We recently sat down with Kent McCormick Ph.D., co-founder of Lattice Engines and current founder of Photon Vault. Lattice Engines was a first-generation AI/ML platform for sales and marketing, and was acquired by Dun & Bradstreet in 2019.
We talked with Kent about his 15 years at the epicenter of the AI/ML revolution. Check out our interview about successfully operationalizing analytics!
Matt Mesher at Savant: You founded Lattice Engines before AI/ML was even a term. What inspired you to do that and what did you learn from it?
Kent McCormick: What got us interested in AI/ML were the experiences that both my co-founder and I had as consultants at McKinsey and then with tech giants like EMC. We got to see the power of applying analytics techniques to business problems.
We wanted to take those learnings – that others had been applying to areas like supply chain, fraud and risk – and use them in sales and marketing.
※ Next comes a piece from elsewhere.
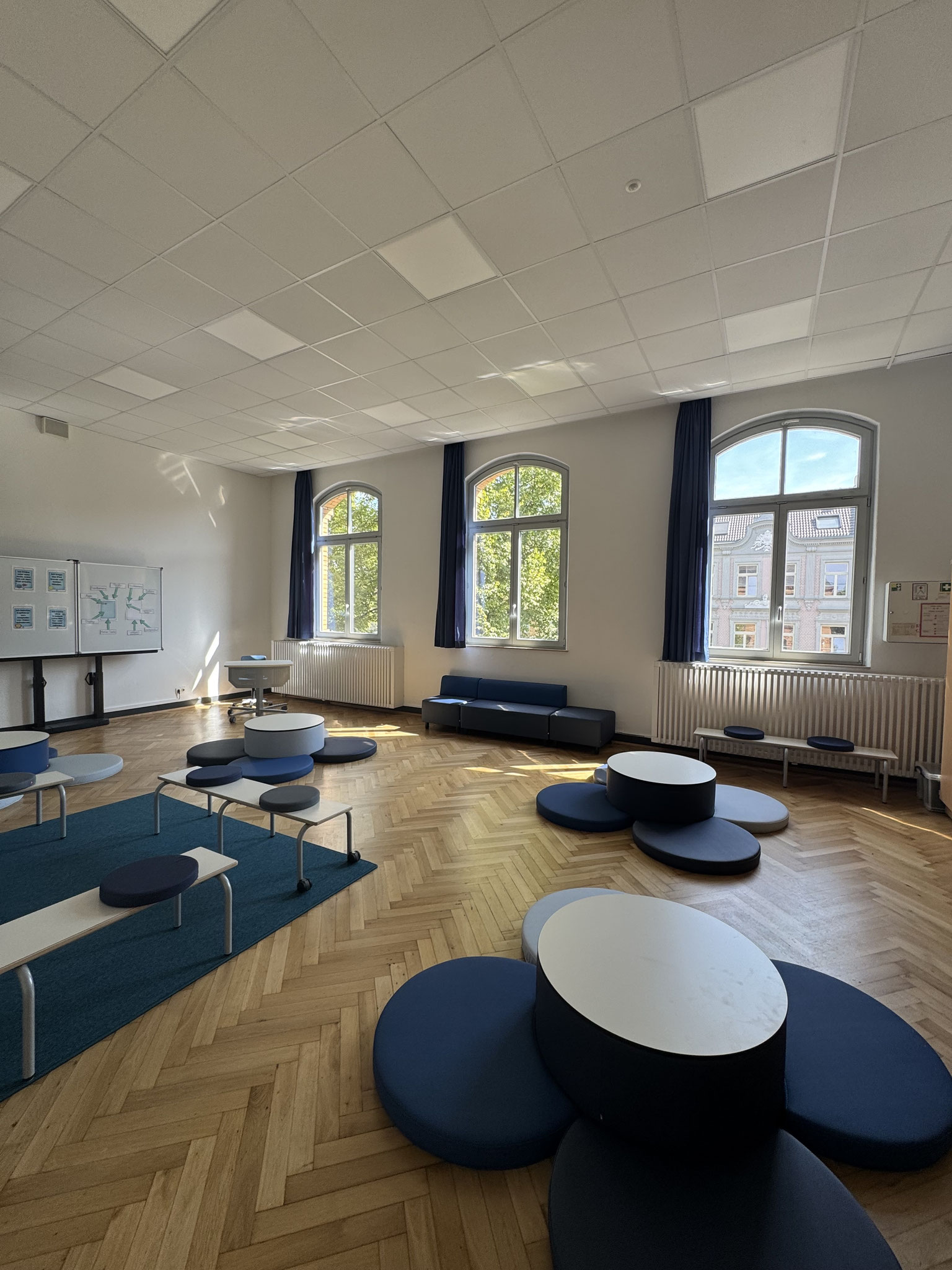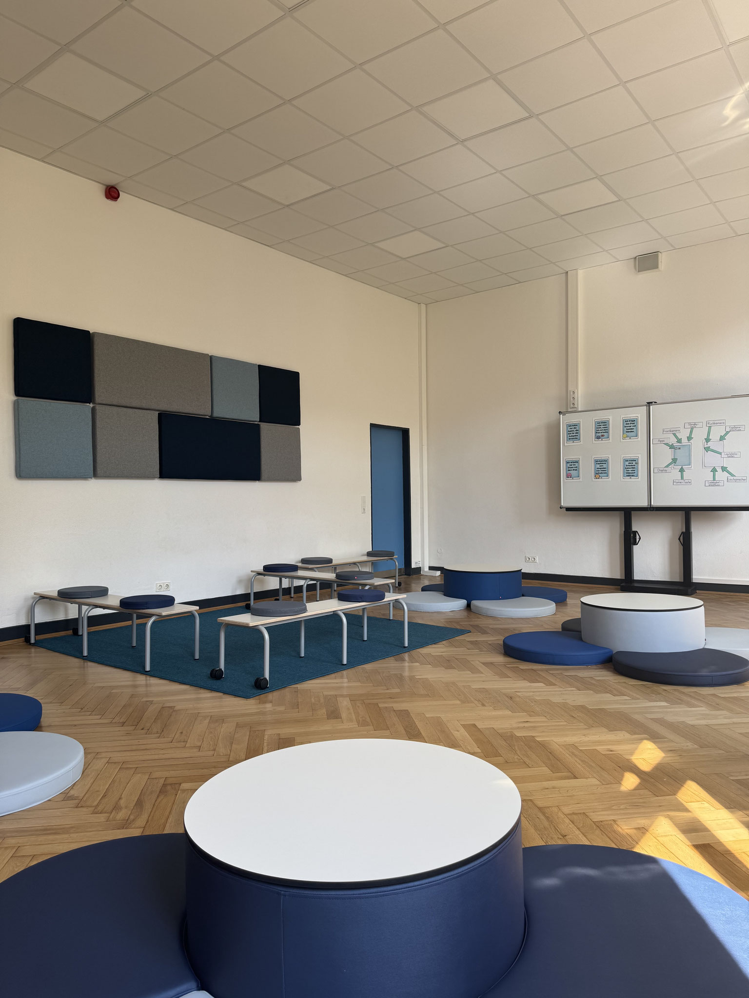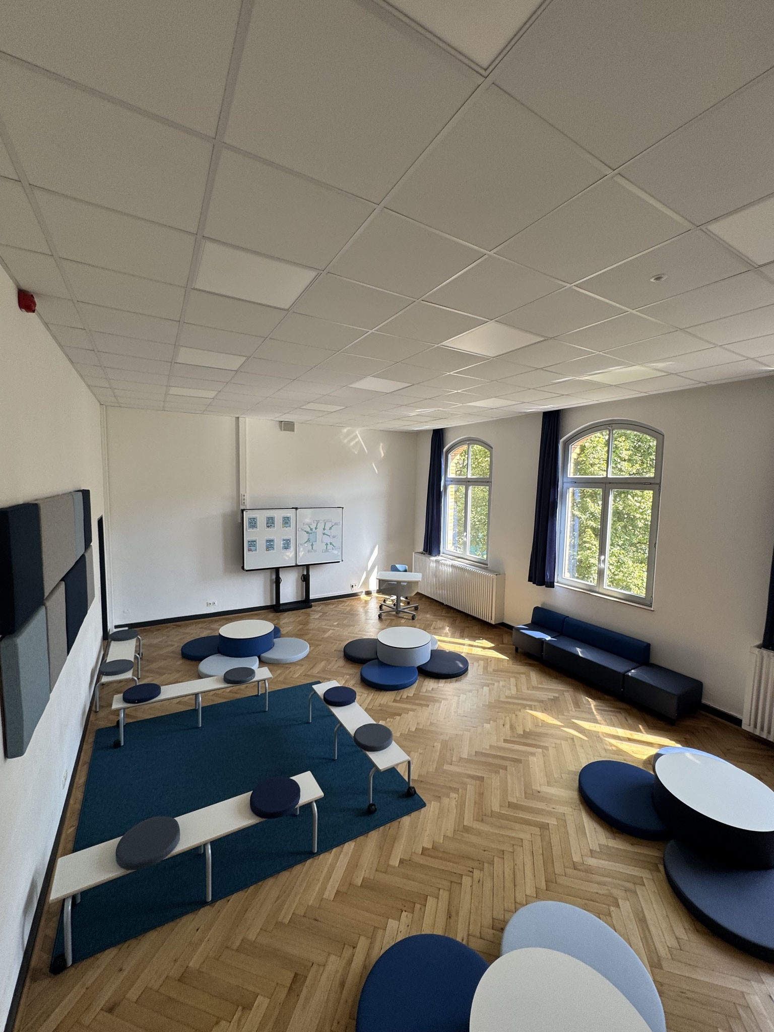 Zu Beginn des Schuljahres wurde unser Medienraum mit neuen Möbeln ausgestattet und erstrahlt nun in modernem Glanz. Die Auswahl der Möbel und Sitzmöglichkeiten wurde sorgfältig getroffen, um eine Umgebung zu schaffen, die vielfältige Lern- und Arbeitsmethoden unterstützt. So können die Medienkompetenz der Kinder in einer zeitgemäßen Lernumgebung gestärkt und gleichzeitig kreative Freiräume für den Unterricht in anderen Fächern geschaffen werden.

We spent a lot of time with our customers discovering how to prepare their data for sales and marketing use-cases, get end-to-end organizational buy-in, and turn it all into something that could transform businesses.
There are many challenges when going from the experimentation stage to an actual, scalable solution that your business can depend on. Some of them are technology-based and others are organizational in nature. Both have come very far in the last several years.
Matt: What does successful analytics look like in your opinion? What do you look for?
Kent: The critical thing is to make sure you're focused on an impactful business problem and understand how the analytic insights will be used in business operations.
In my experience, frequent and fine-grained decisions make the best opportunities for analytics impact on the business.
Matt: What were some of the challenges you see teams facing when trying to operationalize analytics?
Kent: One of the biggest is just getting the organization to accept the analytics and start running the business in that way. People are already used to working one way and you need to create buy-in for your analytics.
If you don’t have the commitment top down and bottom up in the organization to actually embrace the analytics, then it can be hard to have a successful project. You may build something cool, but that doesn’t mean it will get used.
The other thing, which is always an issue, is the data.
There have been situations where there’s a lot of excitement and interest from everyone in the organization, but when it comes time to actually pull the data together, there’s no cross-organizational data infrastructure. So what you imagine is easy, actually becomes very hard. It certainly can extend the timeline and costs, and, in some cases, make it impossible to execute the vision.
Matt: What is one piece of advice you have for someone looking to build a highly impactful data and analytics org?
Kent: Do not underestimate the challenge of understandable, trustable and maintainable analytics.
This is ultimately about how you make sure what you’re building does what it’s expected to do and keeps doing what it's expected to do and allows for incremental improvements (without breaking ten other things). Without infrastructure that’s designed for this, you end up going down a spaghetti path that limits your capabilities over time.
The problem is that when your teams are focusing on just maintaining various parts of your data stack, then your analytics suffer. No-code analytics automation platforms like Savant can be hugely helpful for this – simplify the experience and focus on the analytics.
This is a golden age for analytics, especially with the advent of these new tools and technologies. It’s a very exciting time to be an analyst and certainly the most exciting time in my career.